Dr Brennan is highly trained and experienced in the surgical treatment of conditions of the brain including brain tumours and pituitary tumours.
Rathke’s Cleft Cyst
The normal space between the anterior and posterior lobes of the pituitary is referred to as Rathke’s cleft and is a leftover of the extension from the mouth and nose in the embryo forming the anterior pituitary known as Rathke’s pouch. In some situations the cells which line this space may secrete fluid leading to the formation of a cyst, either in the cleft itself or elsewhere if some of these leftover cells are “trapped” as the gland develops. Although these cysts may not change at all over time, in other cases the cysts may gradually expand as more and more fluid is secreted by these cells. In this way, although the lesions are not in fact true tumours, the increase in size of the cyst may lead to problems of mass effect as described above for pituitary tumours. In this setting surgery may be needed to drain the fluid and debride the cyst wall.
Craniopharyngioma
Like Rathke’s cleft cysts these lesions are not true tumours but may behave as such due to their tendency to gradually get larger and compress and insinuate themselves around the structures in the suprasellar cistern and base of the brain. They are thought to arrive from cells that started as part of Rathke’s pouch but undergo partial changes into a more aggressively growing cyst. They can occur in many locations in or around the pituitary, as well as higher up towards the brain and even within the fluid compartments of the brain itself. They occur more commonly in children in the first decade of life although a different subtype can occur in adults most commonly in the fifth decade. They often require combinations of treatment such as surgery, medications, and sometimes radiotherapy.
Rarer lesions
- Other primary tumours such as granular cell tumour and the very rare malignant pituitary carcinoma.

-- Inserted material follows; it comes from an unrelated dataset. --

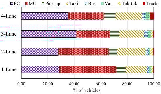 Information on fleet composition in Bangkok was collected by counting vehicle numbers on roads with different lanes using traffic video records. From Figure 3, it can be seen that the proportion of different vehicle types on roads having different numbers of lanes was not the same. However, the pattern was quite similar: PC and MC were found mostly on the roads, followed by taxi and pick-up. There were a larger proportion of large vehicles, i.e., buses and trucks, on roads with more lanes. In contrast, the proportion of motorcycles decreased as the number of lanes increased.

- Meningioma (arising off the lining of the sella),
- Other cysts such as arachnoid cysts and so called “inclusion cysts” such as dermoid and epidermoid cysts
- Metastases (e.g. from breast cancer or lung cancer)
- Germ cell tumours (particularly germinomas in children)
- Infections (pituitary abscess)
- Medical conditions with inflammation (such as lymphocytic hypophysitis, sarcoidosis, etc).
Workup and Investigations
The optimal management of pituitary lesions more often than not requires a team approach between a number of different medical specialists, both before, during, and after treatment.
A careful and thorough assessment is needed to determine what might be going on and help decide on the best treatment options. Most patients can expect to need to have an MRI scan as the key radiological test to sort out the anatomy involved, often supplemented by CT scan particularly if surgery may be needed. Visual function can be assessed by physical examination including the visual fields, visual acuity, and by looking into the back of the eye with an ophthalmoscope. Often, this is supported by review by an ophthalmologist (a doctor specialising in diseases of the eye). The function of the pituitary gland can be checked with a variety of blood tests most often with the help of an endocrinologist (a doctor specialising in diseases of hormones and metabolism). In more complex cases additional hormone assessment may be needed from urine collections and on some occasions inpatient tests done in hospital to challenge the pituitary and measure its responses (sometimes via a type of angiogram referred to as petrosal venous sinus sampling). Not all of these tests will be required in every case and each patient needs an approach tailored to their on individual issues.